Dlaczego kochamy samochody PRL?

Wielka, niezgrabna skrzynia obudowy... Mały ekran... Niewyraźny, czarno-biały, migoczący obraz... Częste kłopoty z synchronizacją, przegrzewaniem się, psującymi się lampami, wypaleniem kineskopu... Marnej jakości dźwięk... Takie były w przeszłości telewizory. Chyba nikt przy zdrowych zmysłach za nimi nie tęskni. Zupełnie inaczej jest w przypadku samochodów.

Każda wzmianka o syrenie, fiatach 126p i 125p, polonezie, wywołuje falę ciepłych komentarzy i zapewnień, że gdyby dzisiaj produkowano podobne pojazdy i sprzedawano je w przystępnej cenie, cieszyłyby się dużym zainteresowaniem klientów.

Jednym ze źródeł owego niegasnącego sentymentu jest niewątpliwie patriotyzm. Większość wymienionych wyżej samochodów była produktami licencyjnymi, dziełem obcej myśli technicznej, ale w powszechnym przekonaniu uchodzą za konstrukcje polskie, owoc pracy rodzimych inżynierów i robotników. Kojarzą się z czasami, gdy wedle obiegowej opinii mieliśmy naprawdę własny przemysł motoryzacyjny, ba - byliśmy, jak twierdziła peerelowska propaganda, "dziesiątą potęgą gospodarczą świata".
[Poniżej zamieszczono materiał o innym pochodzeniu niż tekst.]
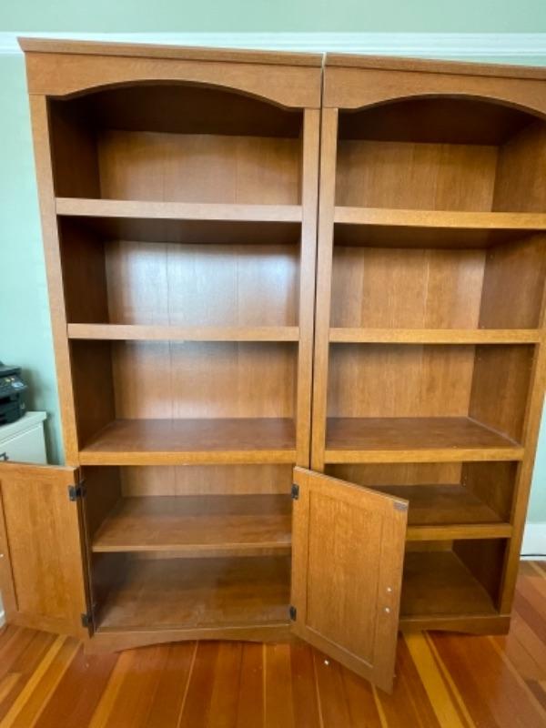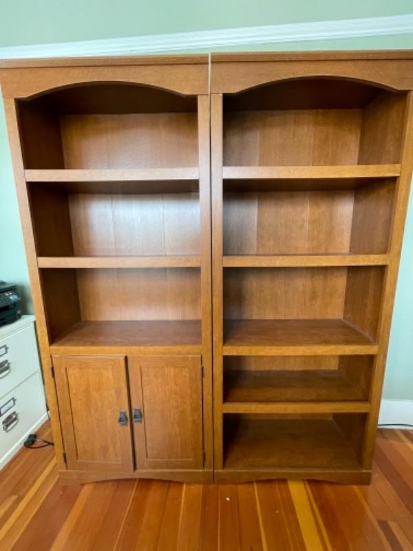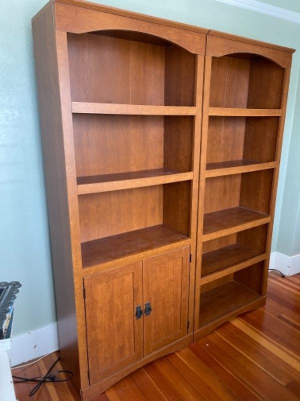 Lot 138OF. Pair of teakwood bookcases (30”W x 12”D x 71”T)--$75

Jednak nie wszystko da się wyjaśnić poczuciem dumy narodowej. Równie ważne są doświadczenia indywidualne. Przedstawicielom starszego pokolenia dawne marki i modele samochodów przypominają młodość. To były najczęściej pierwsze auta w ich życiu. Wymarzone, zdobyte z najwyższym trudem, wypieszczone.

Reklama

Nowak syrenką jeździł na zakładową działkę, gdzie uprawiał pomidory i marchewkę, a przede wszystkim spotykał się z kolegami, dziś już nieżyjącymi. Ech, łza się w oku kręci... Kowalski fiatem 126p wiózł do szpitala żonę, rodzącą ich pierwszego syna. Ledwo zdążyli, ale jednak zdążyli... Malinowski po długich staraniach dostał wreszcie paszport i wybrał się na wyśniony Zachód. "Dużym" fiatem. Z drżącym sercem i bagażnikiem wypełnionym zabranymi na wszelki wypadek częściami zamiennymi i kanistrami z benzyną.
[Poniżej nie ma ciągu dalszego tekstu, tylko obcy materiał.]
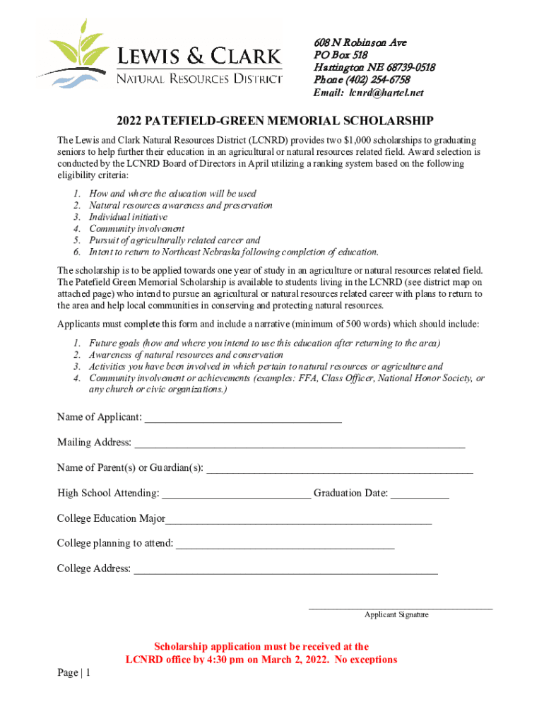 608 N Robinson Ave PO Box 518 H Arlington NE 687390518 Phone (402) 2546758 Email: lcnrd@hartel.net2022 PATEFIELDGREEN MEMORIAL SCHOLARSHIP The Lewis and Clark Natural Resources District (LCN RD) provides

Wspomnienia tamtych wydarzeń pozostają wciąż żywe, a ilustrowane teksty na temat starych samochodów odgrywają rolę ich katalizatora.
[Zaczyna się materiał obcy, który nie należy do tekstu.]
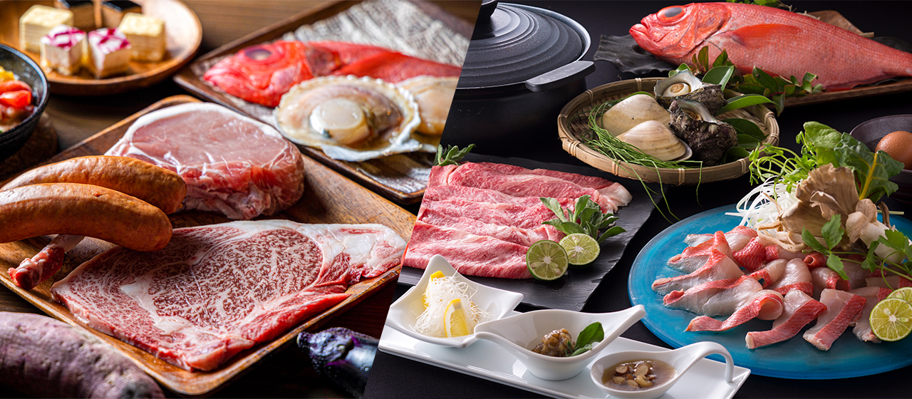 千葉県産かずさ和牛のステーキ、国産豚リブトマホークのハーブスパイス仕立て、房総産金目鯛のグリル、千葉県産旬の海鮮浜焼き、カマンベールチーズのチーズフォンデュ、トマトベースのラタトゥイユ、新鮮野菜のサラダ、デザート、バケット

Swoją pamięć mają też reprezentanci pokolenia średniego. Jest to pamięć szczęśliwego dzieciństwa, wycieczek za miasto na tylnym siedzeniu malucha, wakacyjnych wypraw po bałtycki jod na kanapie poloneza, z dumnym tatą za kierownicą. Było pięknie.

A najmłodsi? Cóż, w ich przypadku pochlebne opinie na temat motoryzacyjnych produktów z okresu Polski Ludowej są tym samym co wychwalanie samego, nieznanego osobiście, PRL. Przejawem kontestacji, braku akceptacji dla obecnych czasów z ich wszystkimi wadami.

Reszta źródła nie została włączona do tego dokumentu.